Nos últimos dez anos, Índia-EUA. a cooperação em segurança expandiu-se significativamente, e a cooperação naval centrada no Oceano Índico é seu componente mais ativo. No mesmo período, a atitude da Índia em relação a uma presença permanente dos EUA nessas águas mudou de profundamente cética para solidária.

Mesmo como Indo-U.S. a cooperação se expandiu no Oceano Índico, a Índia ampliou seus laços com os países de ambos os lados do Oceano Índico.

Veja o Golfo. Os Emirados Árabes Unidos são o segundo maior parceiro comercial da Índia e um importante destino para o investimento indiano. Não é por acaso que a primeira visita oficial do almirante Sureesh Mehta ao assumir o comando da marinha indiana em 2007 foi a Abu Dhabi.

Mudanças semelhantes estão ocorrendo no leste da Índia. A Índia agora tem acordos de livre comércio com a Associação das Nações do Sudeste Asiático, Japão e Coréia e tem aprofundado suas relações políticas e de segurança - tudo com o discreto incentivo dos Estados Unidos.

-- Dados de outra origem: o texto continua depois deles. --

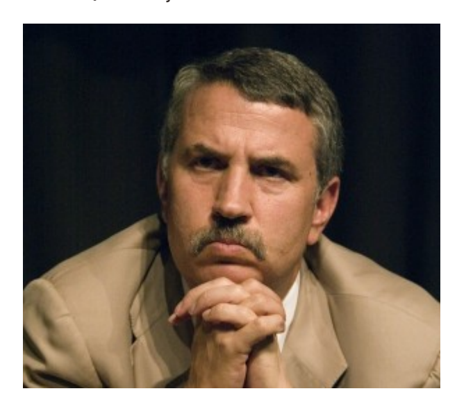
New York Times columnist Thomas L. Friedman.

This more complex reality is completely missing in the new round of political/press hysteria in the United States. The neocons and their liberal-hawk sidekicks only talk about stopping the "barbarism" of the Syrian government and its Russian allies as they try to finally wipe out Al Qaeda's jihadists and their "moderate" allies holed up in eastern Aleppo.
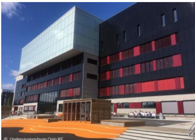
Red coloured elements were added by the architect to break up the black façade © Undervisningsbygg Oslo KF
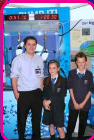
Below: Pupils learn how to assemble the United Utilities pipe rig
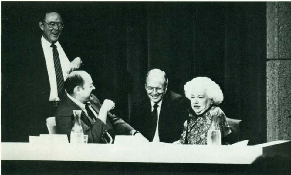
Charles Manatt, Lyn Nofziger, Dick Cheney, Liz Carpenter
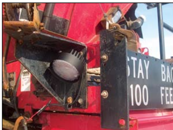
Work light mounted to the rear of a salt truck provides unparalleled illumination and reliability.
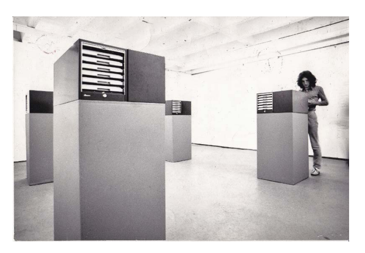
Figure 2: Art & Language group project at documenta 5 (1972), Kassel.

1991; LeWitt, 1969). The term "conceptual art" was first used by the Fluxus movement member Henry Flynt as a characterization of his performances in the essay published in An Anthology of Chance Operations in 1963. Conceptual projects show an increasing approximation to the idea as an artistic medium, at the expense of visual form. The tendency to demonstrate ideas instead of visual form is also evident in the titles of projects: for example, Joseph Kosuth's series Titled (Art as Idea as Idea) in 1966-1967, or a group exhibition organized in 1969 by art dealer Seth Siegelaub in New York called January 1-31: 0 Objects, 0 Painters, 0 Sculptors.
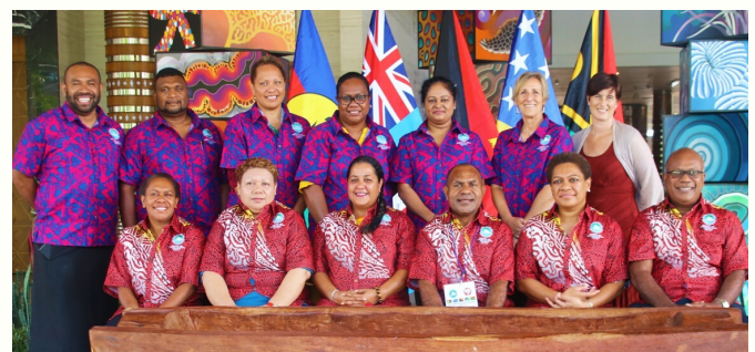
Participants at the inaugural MSG Ministers for Women and Senior Officials Conference on Eliminating Sexual and Gender-based Violence (SGBV) in Fiji.

As an outcome to the inaugural Conference, the MSG Secretariat is also working towards drafting its first Gender Framework.
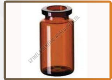
10ml Amber Glass Headspace Vial
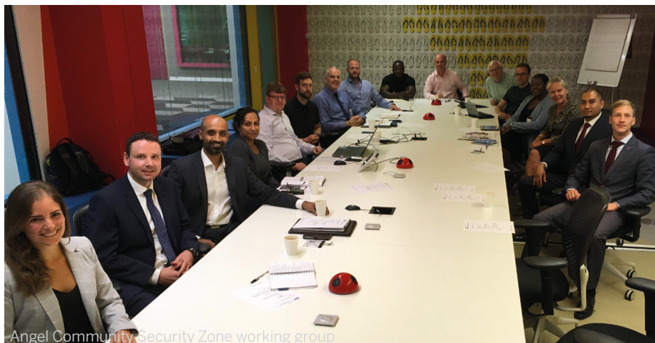
Angel Community Security Zone working group

The Community Security Zone is a working group made up of representatives from the larger employers at the Angel supported by our dedicated police team, working with the Met Police Counter Terrorism Unit.
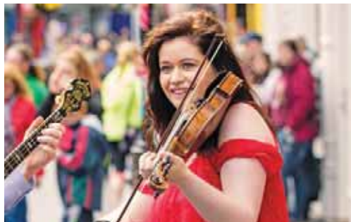
Top: Kylemore Abbey | Above: Musician

Aran Island of Inishmore. Ferry across Galway Bay to the largest of the Aran Islands. As you travel on a minibus, your local guide will share entertaining stories about life on this stark, arresting island, where Gaelic is the first language. See cliffside Dun Aengus, the most famous of the Aran Islands' Bronze Age forts, and pause for lunch before your return ferry.
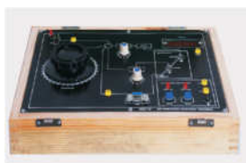
DC Position Control Trainer
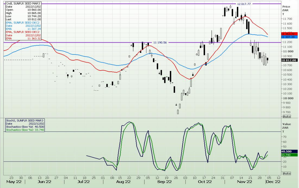
Daily SUNFLR SEED MAR3, SUNFLR SEED DEC2
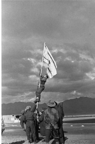
Ink Flag

The denotation “This is victory” assumes that we are facing a photograph of determination in a war that took place between two sides. The repetition by a spectator of the same denotation is supported by previous visual images of victory, such as that of soldiers hoisting a flag up a pole, which has become institutionalized as an icon of victory. In the case at hand, there is a concrete visual reference—the famous photograph from Iwo Jima signifying the American victory over Japan at the end of World War II. This reference was already in the mind of those who hoisted the flag at Um Rashrash. 7 Attaching the concept “Victory” to the photograph produces a referential circle in which the concept—victory—indicates the image and the image points back at the concept—victory is victory is victory. One thus forgets that a photograph is an image produced from within a shared reality. Its preservation as “victory” means first and foremost the distancing from the archive of those for whom it was not a matter of victory to begin with.
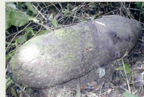
General Purpose Bomb
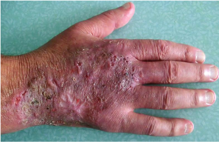
Figure 6: Early desinfiltration and healing in day 7 of treatment with regression of bubbles
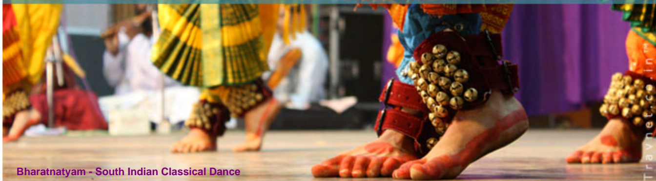
Bharatnatyam - South Indian Classical Dance

Bangalore - 135 Km's - Mysore - 115 Km's - Hassan - 439 Km's - Hampi - 175 Km's - Badami - 128 Km's - Hubli - 187 Km's - Goa - 593 Km's - Mumbai
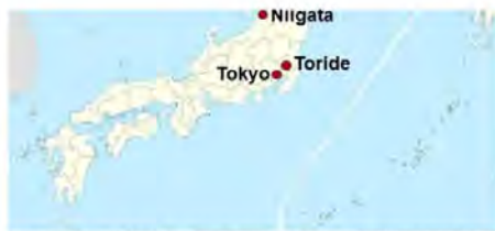
Location of the cities mentioned. Illustration: Maximilian Dörrbecker (Chumhwa) / Wikimedia Commons. License: CC ASA 3.0 Unp

Association to Protect Religious Freedom. The event was in response to the request by the Ministry of Education, Culture, Sports, Science and Technology to the Tokyo District Court for an order to dissolve the Family Federation for World Peace and Unification (formerly the Unification Church ). The theme for the symposium was "Citizens' Meeting for Niigata Prefecture to Protect Religious Freedom and Human Rights".
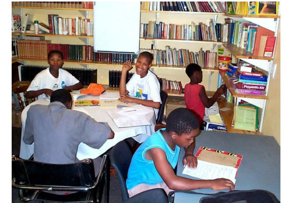
Teens studying in the resource library
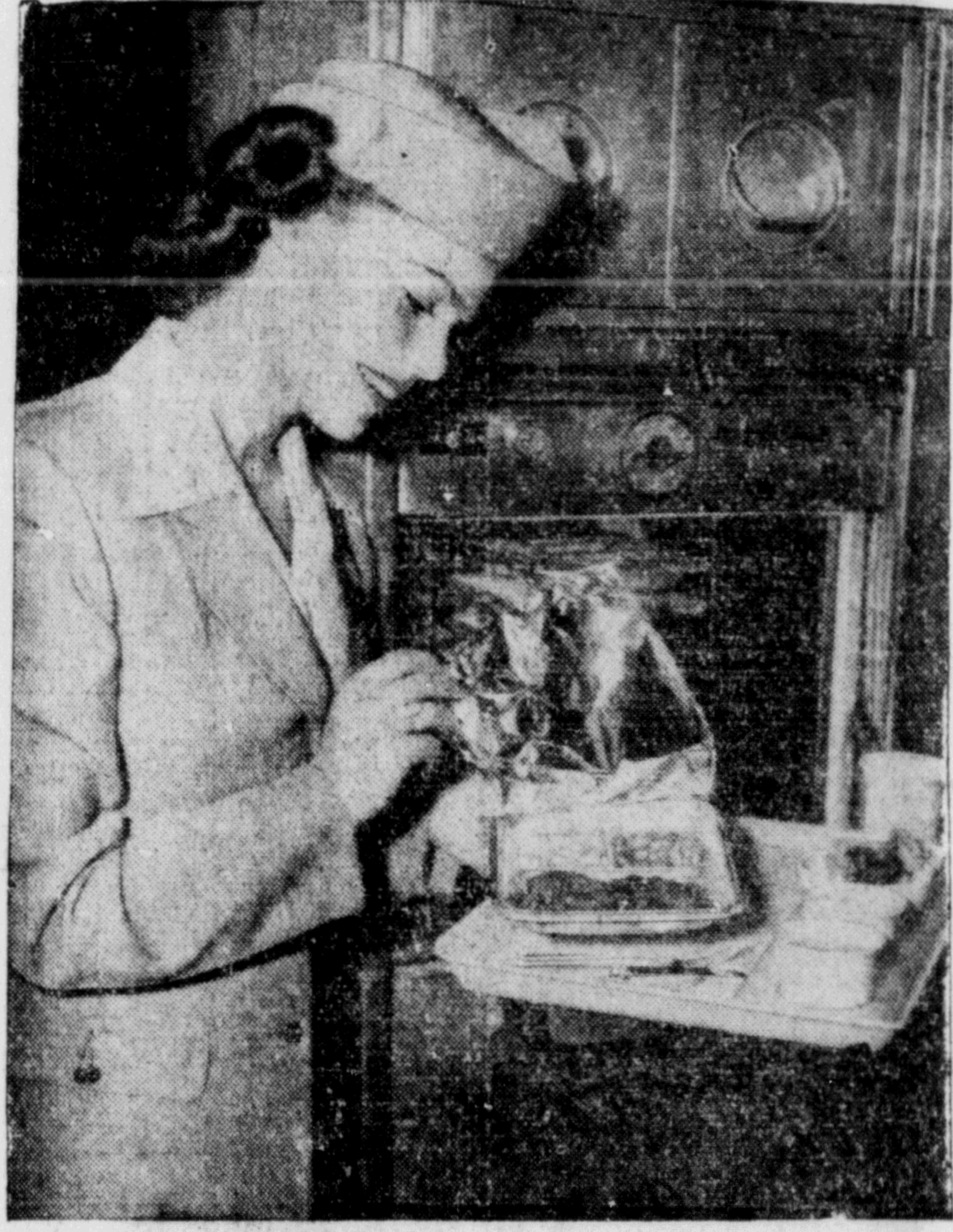
MEALS IN AIR—This pretty hostess, thousands of feet up in a modern airliner, has the knack of serving delicious meals at a moment's notice. Anything from chicken a la maryland to filet mignon is prepared on the ground, by expert chefs, sealed in aluminum foil, deep-frozen and reheated aloft.

como o Fed reduz as taxas de juros

Ao mesmo tempo, esse foco no Oceano Índico ressalta algumas rivalidades históricas. O mais forte fica entre a Índia e a China.

Estrategistas navais indianos e pensadores geopolíticos se preocupam com a postura cada vez mais assertiva da China e os crescentes laços militares com os países que fazem fronteira com o Oceano Índico. A frase freqüentemente ouvida na Índia é o colar de pérolas, referindo-se a instalações em Mianmar, Sri Lanka e Paquistão, onde os militares chineses estão desenvolvendo acesso regular.

No passado, os Estados Unidos minimizaram essas preocupações. No ano passado, porém, os pensadores e formuladores de políticas dos EUA ficaram mais cautelosos com as intenções da China. Nos últimos cinco anos, os laços econômicos da China com os países do Oceano Índico se expandiram em um ritmo rápido. Os militares da China estão aumentando seu investimento no equipamento necessário para a projeção de poder.

A rivalidade de longa data da Índia com o Paquistão se manifestou mais ao longo de sua fronteira terrestre e em conflitos não convencionais do que no domínio marítimo. Mas a estreita ligação da China com o Paquistão aumenta a inquietação da Índia com uma presença chinesa mais regular no Oceano Índico. O envolvimento da China na construção do novo porto do Paquistão em Gwadar, perto da fronteira com o Irã, sugere que a relação China-Paquistão está adquirindo uma dimensão mais marítima.

Em outras palavras, existe um potencial considerável para aumentar a tensão na área do Oceano Índico. Este é o momento de tentar evitar isso concentrando-se nos problemas em que todos os estados vizinhos, bem como os países comerciais do mundo, têm um forte interesse na cooperação.

O exemplo mais convincente é a pirataria no Mar da Arábia. Os exportadores de petróleo do Golfo - bem como seus clientes na Índia, Paquistão e China - dependem de uma passagem segura por essas águas. Os mecanismos de cooperação, principalmente as Forças-Tarefa Combinadas 150 e 151, trouxeram recursos e apoio de muitos países da OTAN, e tiveram a participação de alguns países regionais, notadamente o Paquistão.

Os jogadores ausentes, no entanto, são importantes - Índia e China, que afirmam manter contato com as forças-tarefa combinadas. Construir uma organização integrada que inclua rivais como Índia, China e Paquistão não seria uma tarefa fácil. Mas tanto a tarefa antipirataria quanto a meta de longo prazo de construir uma estrutura de cooperação entre as potências que dependem da segurança do Oceano Índico exigem um forte movimento nessa direção. Esta é a hora de começar.